-- SOURCE DATA follows --

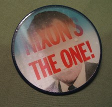 • 10 • I have a pin-on button from the 1960s that says DRAFT BEER NOT STUDENTS, along with a button from 1972 that — depending on the viewing angle — flashes a headshot of Richard Nixon or his campaign slogan, NIXON’S THE ONE. The Nixon button was one of those things my mother picked up because she thought it would be a collector’s item. Mom would be disappointed to learn that the Nixon button is being sold on eBay for about $7.50 (or $1.30 in 1972 dollars). I really should throw the buttons away… but then again, why not just let my kids do it.
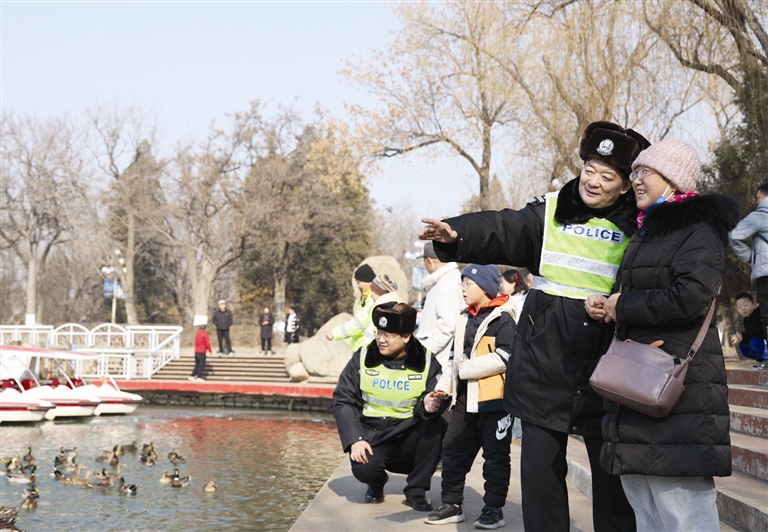 一位带小孩的市民说,春节带孩子出来逛逛公园亲近大自然,孩子刚刚还体验了喂鸭子,感觉很有趣。有民警在一旁巡逻,随时提醒大家注意安全,蓝天救援队的队员也在园里,在这里带孩子游玩感觉很安心。
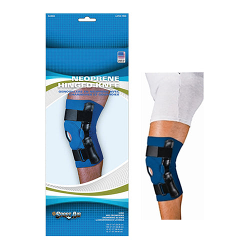 Sportaid Hinged Knee Brace with Open Patella, Neoprene, Blue, X-Large, 17" - 19".
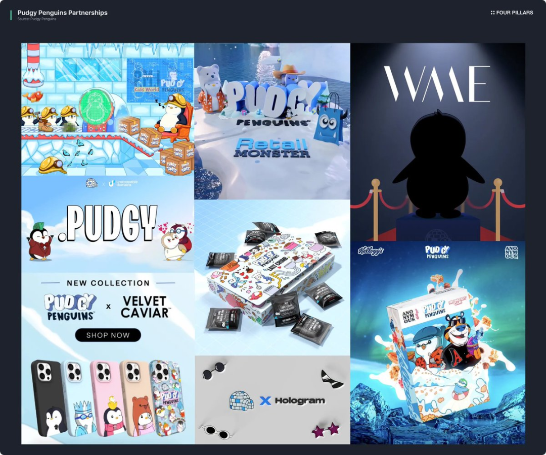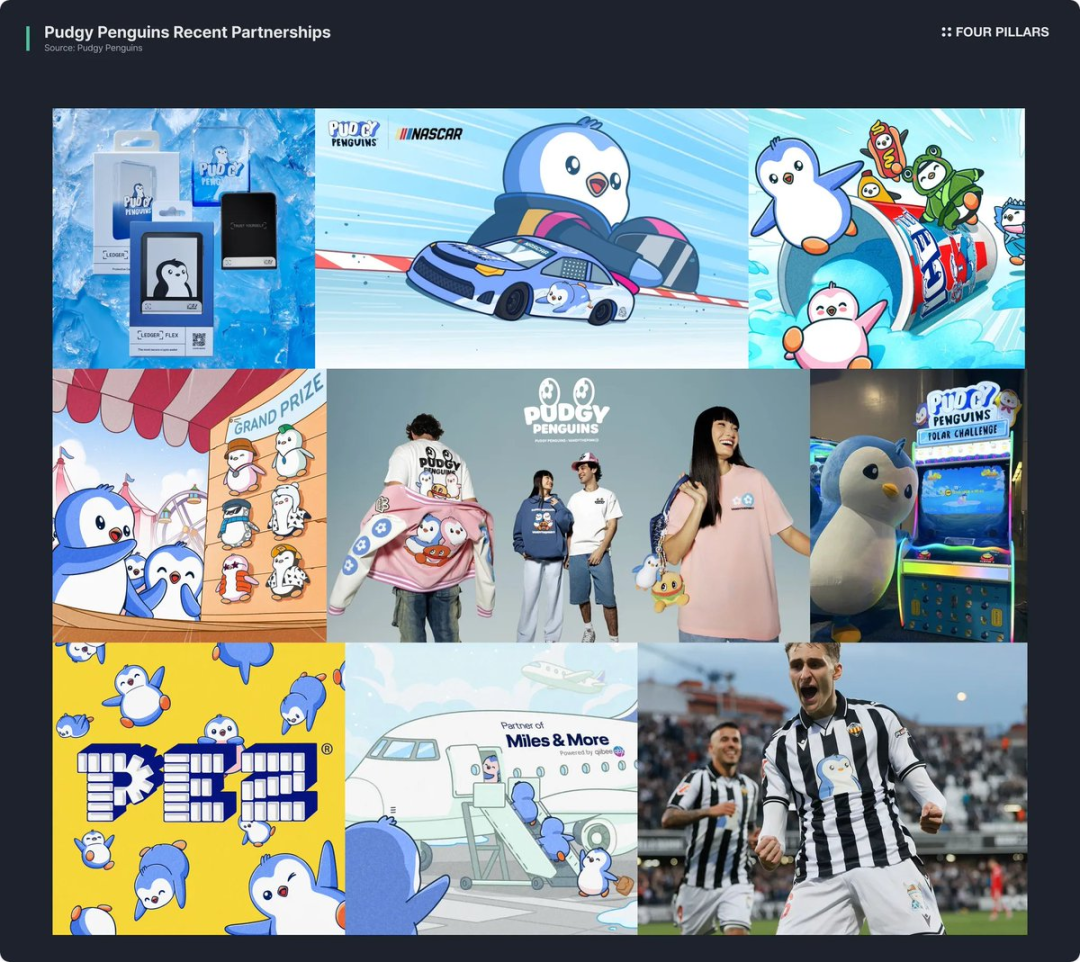 - 2022 年经历创始人罢免危机后,胖企鹅 Pudgy Penguins 在 Luca Netz 收购下实现重大转型,通过社交媒体策略与合作获得品牌影响力,并成功拓展实体玩具业务。

-- SOURCE DATA concluded --

> [TASK TO CARRY OUT]:
Without including any pictures, reproduce the listing exactly.

> [TASK RESPONSE]:
 • 10 • I have a pin-on button from the 1960s that says DRAFT BEER NOT STUDENTS, along with a button from 1972 that — depending on the viewing angle — flashes a headshot of Richard Nixon or his campaign slogan, NIXON’S THE ONE. The Nixon button was one of those things my mother picked up because she thought it would be a collector’s item. Mom would be disappointed to learn that the Nixon button is being sold on eBay for about $7.50 (or $1.30 in 1972 dollars). I really should throw the buttons away… but then again, why not just let my kids do it.
 一位带小孩的市民说,春节带孩子出来逛逛公园亲近大自然,孩子刚刚还体验了喂鸭子,感觉很有趣。有民警在一旁巡逻,随时提醒大家注意安全,蓝天救援队的队员也在园里,在这里带孩子游玩感觉很安心。
 Sportaid Hinged Knee Brace with Open Patella, Neoprene, Blue, X-Large, 17" - 19".
 - 2022 年经历创始人罢免危机后,胖企鹅 Pudgy Penguins 在 Luca Netz 收购下实现重大转型,通过社交媒体策略与合作获得品牌影响力,并成功拓展实体玩具业务。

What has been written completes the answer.